Read more about trials of risdiplam and any updates, including information about access in the UK in our Risdiplam section >
SRK-015 / Apitegromab is a muscle-directed therapy that aims to reverse or restrict the muscle atrophy and weakness experienced by SMA patients. The drug is an antibody that very specifically targets an important protein called myostatin. Myostatin is naturally present in our muscles, where it plays an important role in limiting muscle growth. By inhibiting myostatin function, Apitegromab can potentially release the breaks on muscle cell growth leading to an increase in muscle size and function. If this is successful, this could benefit people who have SMA.
Read more about trials and any updates, including information about access in the UK >
GYM329 is an investigational anti-myostatin antibody that is designed to target skeletal muscles (i.e., those used for voluntary movement), potentially increasing their size and growth. Myostatin plays an important role in the regulation of skeletal muscle size by controlling growth. Inhibiting myostatin may help muscles grow in size and strength. GYM329 in combination with risdiplam, which is designed to increase the amount of SMN protein throughout the body, has the potential to further improve motor function and outcomes for people living with SMA Type 2.
Read more, including information about proposed access in the UK >
Taldefgrobep alfa is a protein designed to bind to and inhibit the function of myostatin. Myostatin is naturally present in our muscles, where it plays an important role in limiting muscle growth. By inhibiting myostatin function, taldefgrobep alfa can potentially release the breaks on muscle cell growth leading to an increase in muscle size and function.

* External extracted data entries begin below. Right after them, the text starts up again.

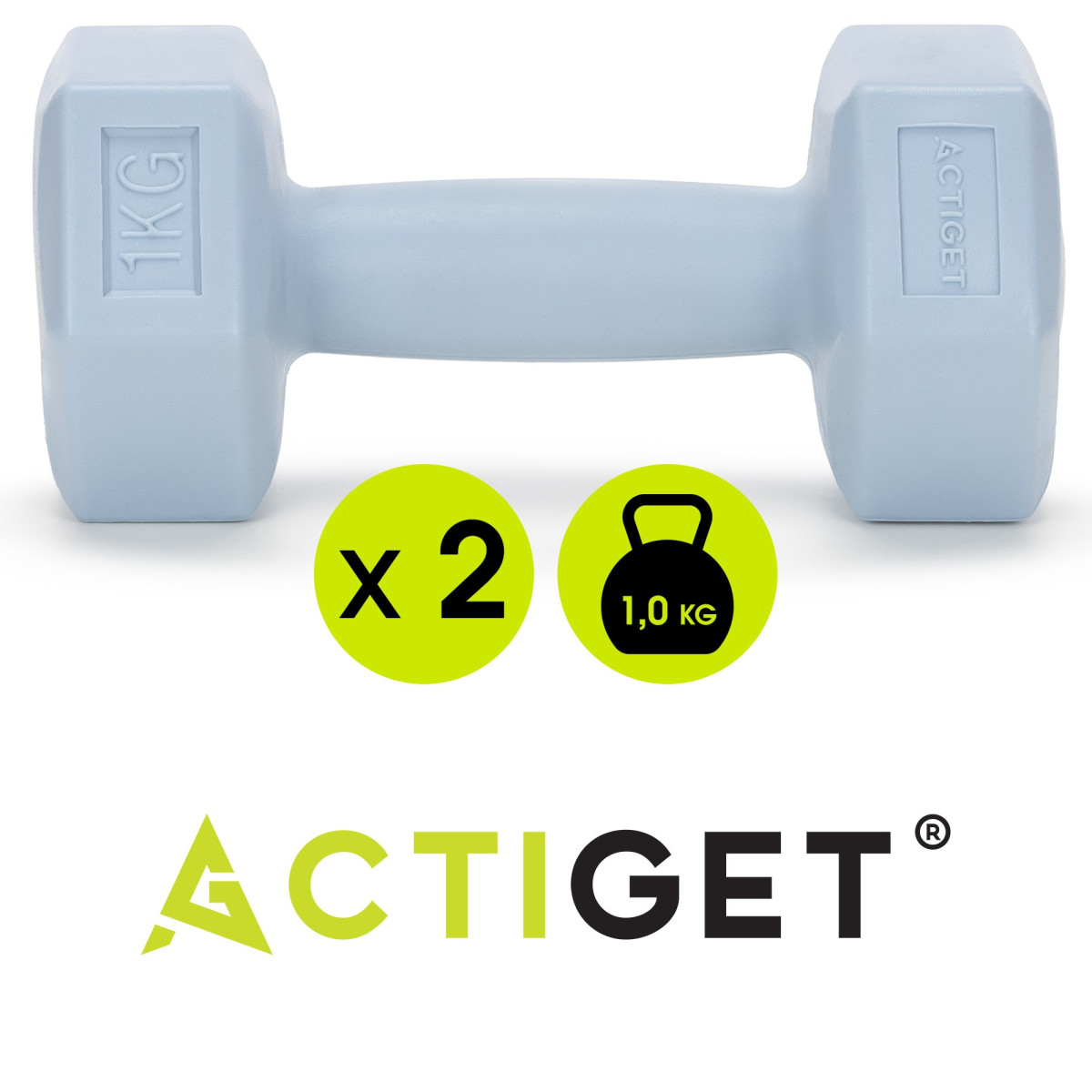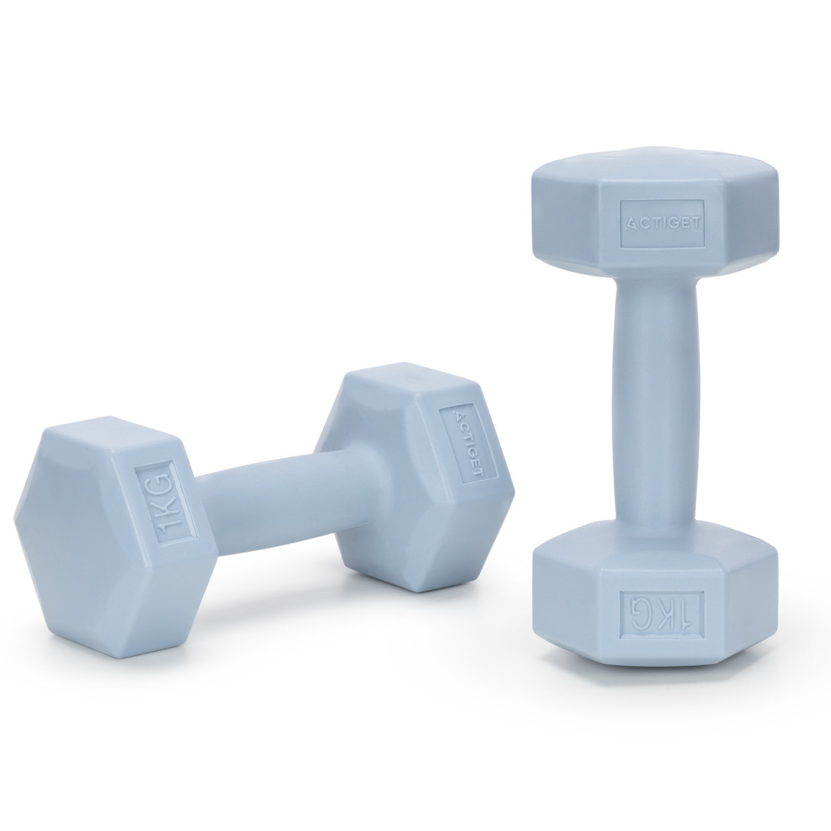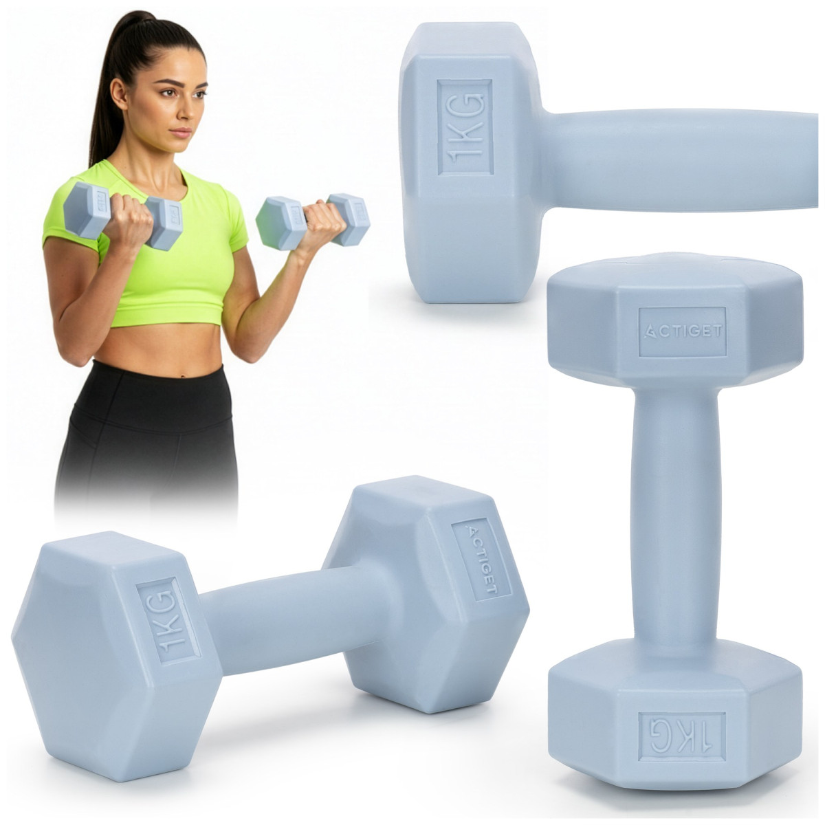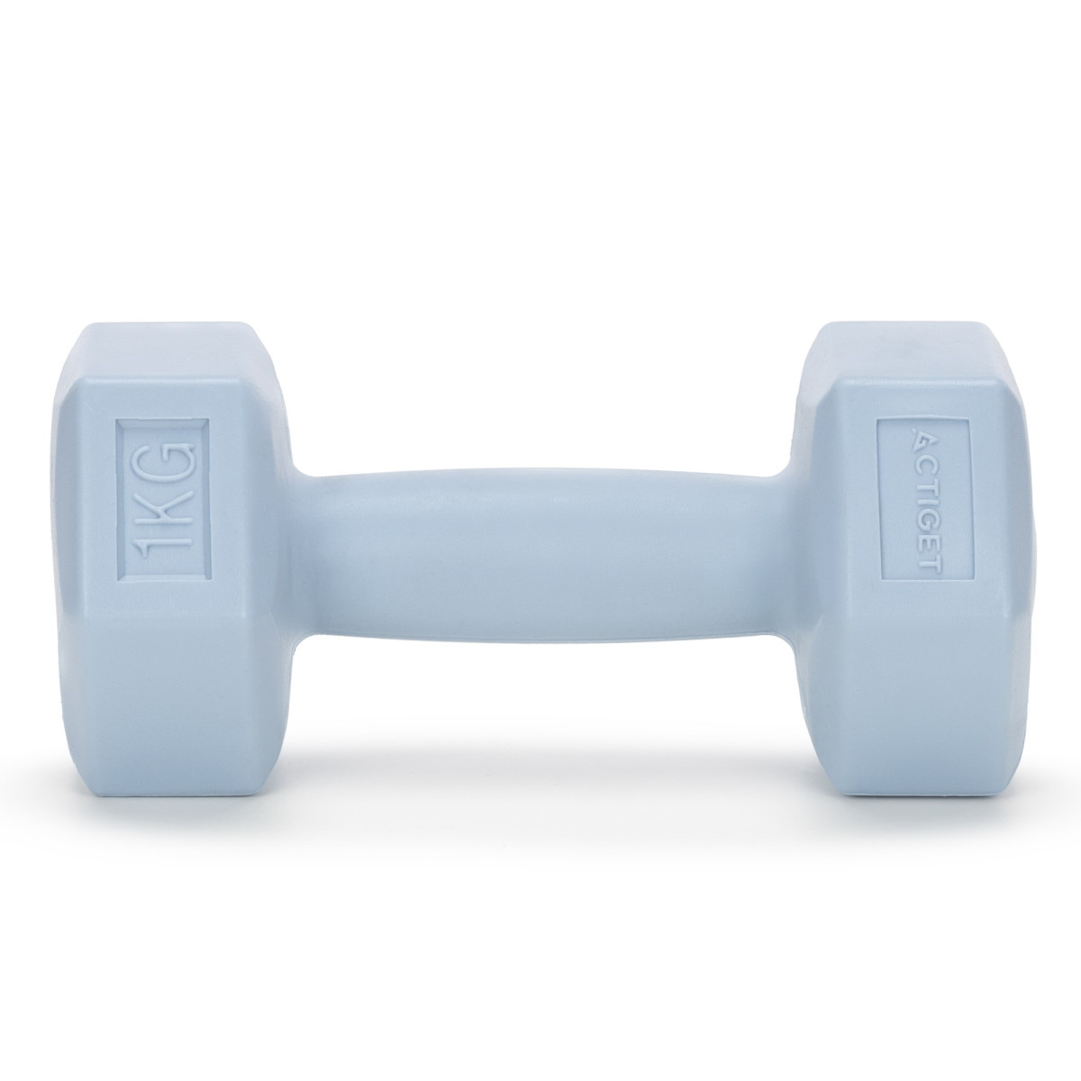 2x1kg šešiakampės hantelės fitneso pratimams, 2 vnt. komplektas, šviesiai mėlynos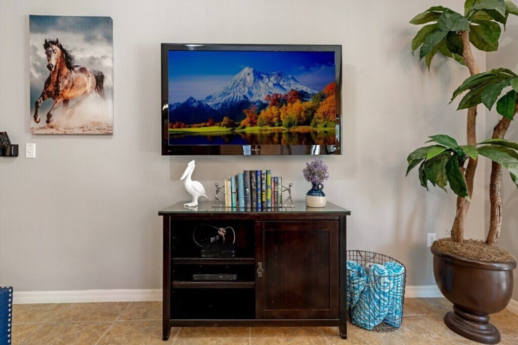 Discover Cypress Pointe Retreat, a luxurious 4-bedroom, 3.5-bathroom home located just minutes from Disney. This 2040 sq ft gem accommodates up to 10 guests with 2 king suites, 2 full beds, and 2 twin beds. Enjoy a private pool, BBQ, game room, and fully equipped kitchen, all nestled in a gated community. With serene décor, lush outdoor spaces, and top-notch amenities, it's the perfect place for families and groups seeking comfort, convenience, and relaxation. Step into inviting living spaces accented with serene blue and silver tones. The main living room features a plush sectional sofa and a flat-screen TV with Xbox One S for gaming or movie nights. The open-concept second living area boasts coastal decor and seamless access to the dining and kitchen spaces. The fully equipped kitchen includes modern appliances, abundant storage, and all the essentials for preparing meals. Gather around the elegant dining table for five under a beautiful chandelier, or enjoy casual meals at the breakfast bar with seating for four. Relax in the first-floor master king suite with a calming Zen ambiance, private patio views, and an en-suite bathroom with double vanities. Upstairs, the second master suite offers luxury with a spa-like bathroom featuring a soaking tub and shower. The additional bedrooms include a tropical-themed suite with two full beds and a playful twin bedroom, perfect for kids. Fun for all ages awaits in the Hollywood-themed game room, featuring pool, foosball, air hockey, and darts. Unwind on the private screened-in patio with lush greenery, a dining table for six, chaise lounges, and a curved south-facing pool. Fire up the BBQ for al fresco dining or simply soak in the tranquility of this tropical retreat. Pool heat is available for $30 per day with 24-hour advance notice required. BBQ rental is $50 if you bring your own propane or $80 with propane provided. Starter cleaning supplies are included and restocking is the guest's responsibility. Located minutes from Disney and close to Universal Studios, shopping outlets, and world-class golf courses, Cypress Pointe Retreat offers convenience and adventure for every traveler. No parties or events are allowed and quiet hours are from 10 PM to 8 AM. Self-check-in with a smart lock is available. Check-in is at 4 PM and check-out is at 10 AM, with flexibility upon request and additional fees. Trash must be disposed of daily in provided bins. A guest screening process will be conducted by a trusted partner to confirm your reservation and further instructions will be provided to complete this step. Includes a dedicated workspace and high-speed Wi-Fi. A laptop computer is not included. [SI]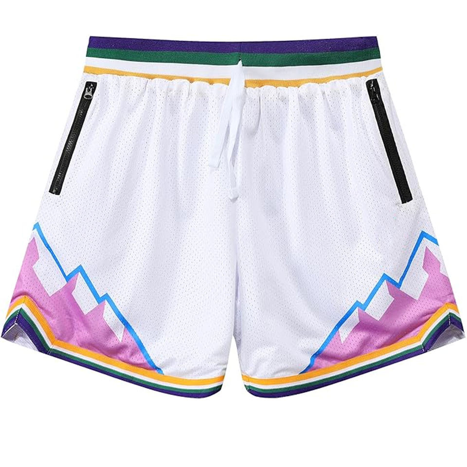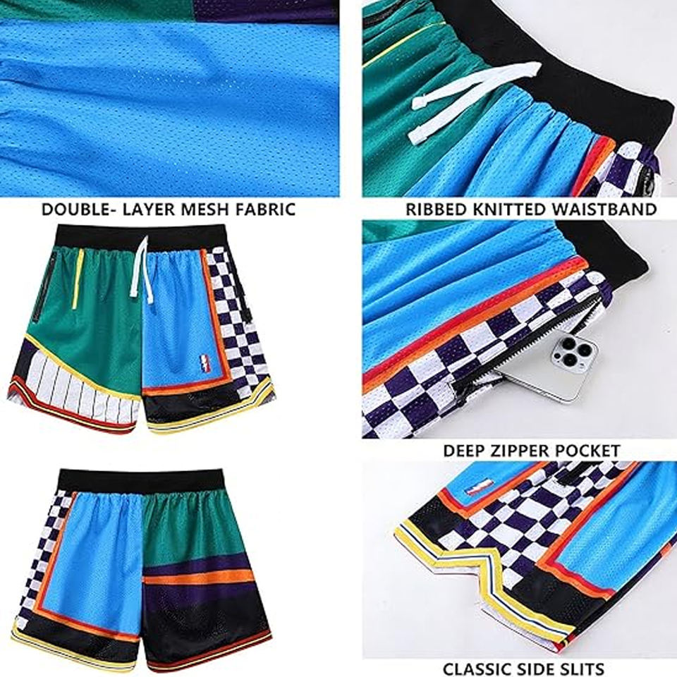 กางเกงบาสเก็ตบอลตาข่ายผู้ชายแบบสั่งทำพิเศษ มีกระเป๋าข้าง เอวยางยืดพร้อมเชือกผูก งานพิมพ์ซับลิเมชั่น 3 มิติ รับผลิตแบบ OEM ODM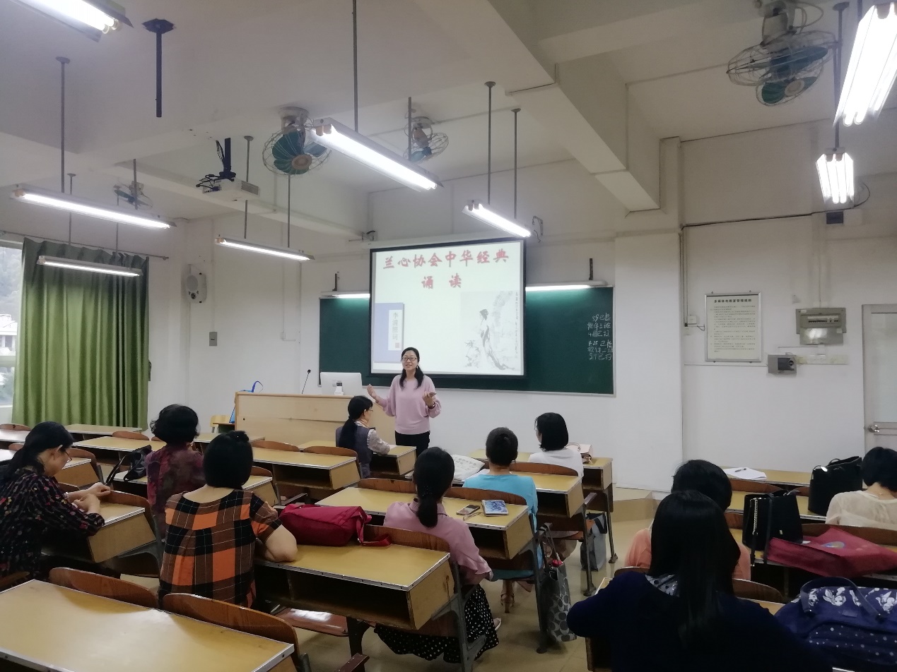 结合学校关于开展《“庆祖国七十华诞逐青春韶华梦想”系列主题活动之“诵国之经典展时代新华”中华朗诵会》的通知精神,2019年5月10日下午,兰心协会全体会员齐聚在天河校区西区综合楼501教室,聆听着悠扬的音乐,一起走进古诗词的浩瀚世界,大家一起感受诗的情怀,领悟词句的精妙之处。邓彩云老师给大家讲解了李清照两首《如梦令》的词,带领大家一起诵读李商隐的古诗《夜雨寄北》;李文婷、邱秀芳、黄妍、徐萌四位老师根据自己对文学作品的理解和感悟,以不同的风格演绎着篇篇美文,黄妍老师别具特色的粤语古词吟唱,更是把活动气氛推向了高潮。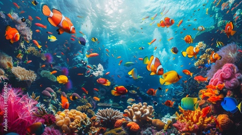 Fototapeta premium Vibrant Coral Reef Underwater Scene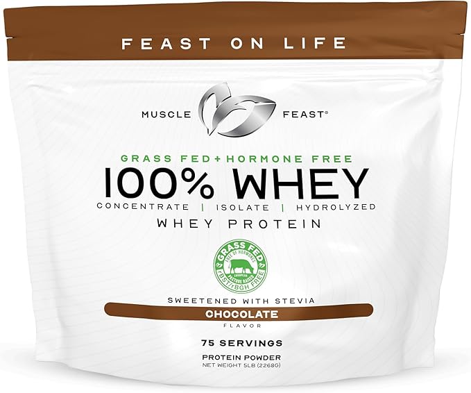 Muscle Feast 100% Grass Fed Whey Protein Powder, All Natural Hormone Free Paure Raised Whey Protein Powder for Women & Men- Whey Concentrate, Isolate & Hydrolyzed Protein Powder Blend - Chocolate, 5lb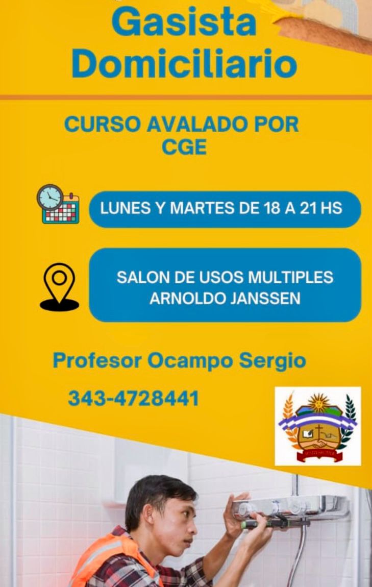 Una es la de ‘Gasista Matriculado’, siendo un curso avalado por el Consejo General de Educación. Se dictará los lunes y martes de 18.00 a 21.00 en el Salón de Usos Múltiples Arnoldo Janssen, estando a cargo del Profesor Sergio Ocampo. Para pedir más información o anotarse, comunicarse al teléfono 343 4728441.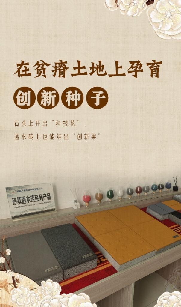 這家環(huán)??萍脊疽彩俏溧l(xiāng)縣近幾年培育的本土創(chuàng)新型企業(yè)。公司負責(zé)人郝晉庭介紹說,紅磚“吃”土地,又不環(huán)保。2014年,公司轉(zhuǎn)向新型透水磚行業(yè),研發(fā)出的新產(chǎn)品透水效果一流,耐堵耐凍,獲得多項國家發(fā)明專利。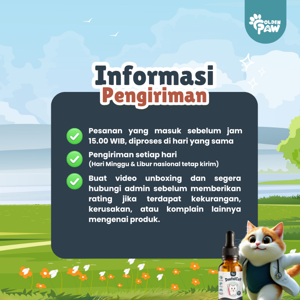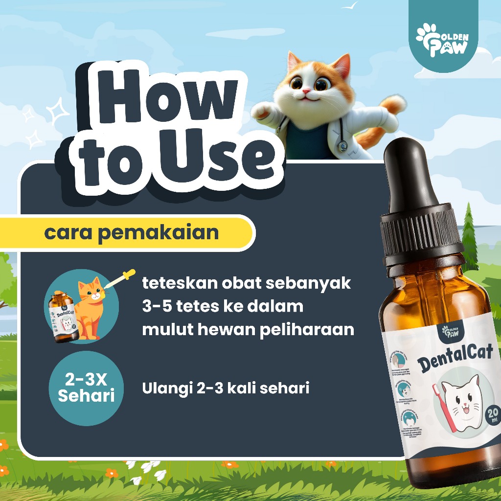 Obat Tetes Mulut Dentalcat Golden Paw Kucing Sariawan Radang Bau Mulut Plak Gigi Hewan 20Ml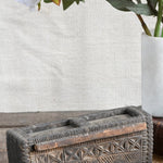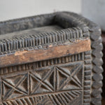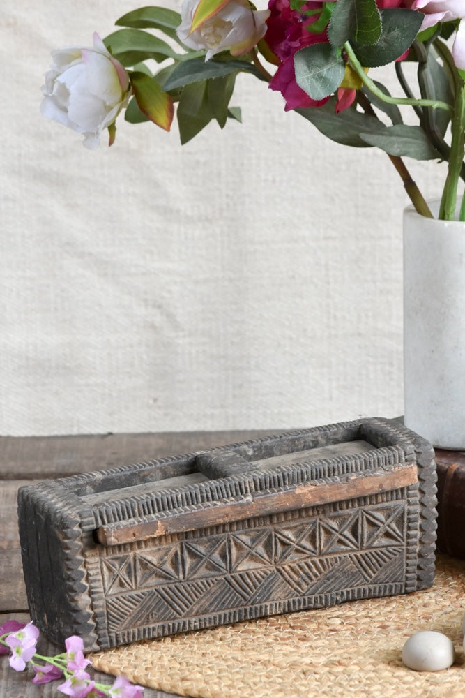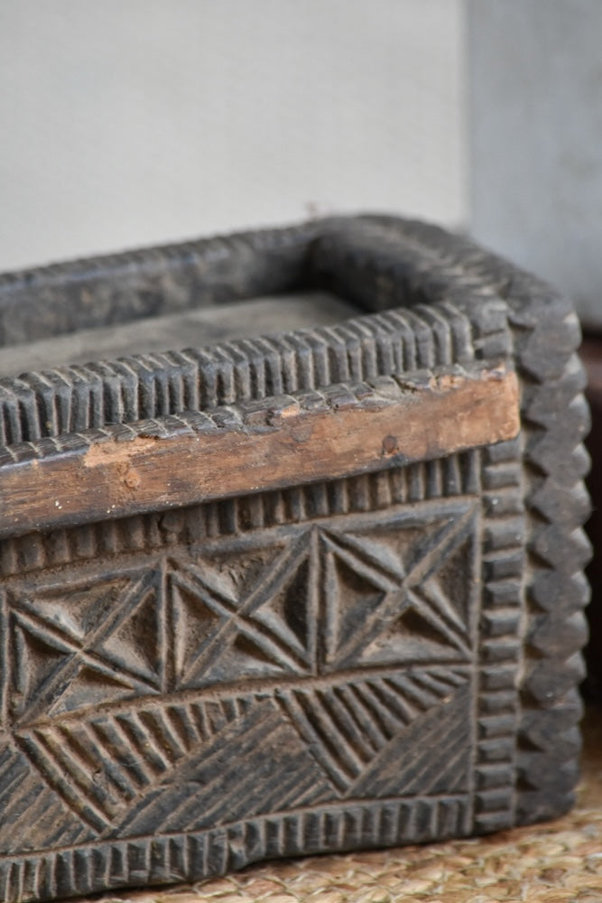 Hand-carved with bold geometric motifs and rhythmic patterns, this vintage wooden box once held small treasures, spices, or ritual objects in tribal households. Its textured edges and linear designs reflect the artisan’s instinctive skill, a language of patterns passed down through generations. The dark patina and worn corners speak of years of use, turning this box into both a functional object and a cultural artifact. What was once utilitarian has now become sculptural, a reminder of the lives and hands it passed through. Reimagined as décor, the Tribal Keepsake Box stands as more than storage. It is a fragment of heritage, a piece that holds not only objects but also memory, tradition, and story.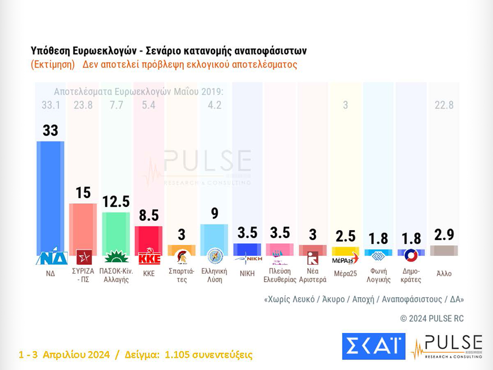 Σταθερά πρώτη η Νέα Δημοκρατία, εδραιώνεται στη δεύτερη θέση ο ΣΥΡΙΖΑ, «ανοίγοντας» τη διαφορά του από το ΠΑΣΟΚ, σύμφωνα με τη δημοσκόπηση της Pulse για τον ΣΚΑΪ και καθώς η αντίστροφη μέτρηση για τις ευρωεκλογές έχει ήδη αρχίσει.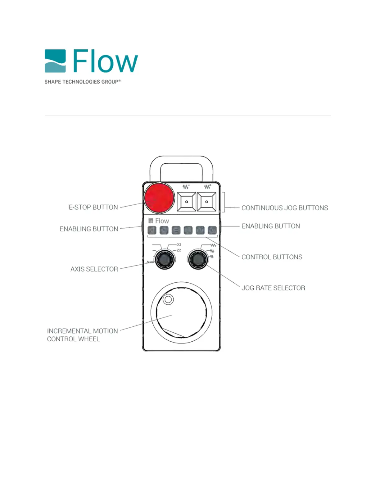 The remote pendant allows you to move the axes independently, set user home, and control the water

If this is successful, this could benefit people who have SMA.
Read more, including information about proposed access in the UK >
NMD670 is an orally-bioavailable, small molecule that specifically targets a protein called ClC-1 that is found almost exclusively on the surface of muscles cells. The function of ClC-1 is to dampen the excitability of muscles and prevent them from becoming overstimulated. By inhibiting ClC-1 function, NMD670 can increase and improve the passage of signals from motor neurons to muscles, which can increase how easily muscles are able to contract.
NMD670 is being tested in a phase 2, randomised, double-blind, placebo-controlled study in 50 ambulatory participants with SMA Type 3 that is estimated to be completed in late 2024.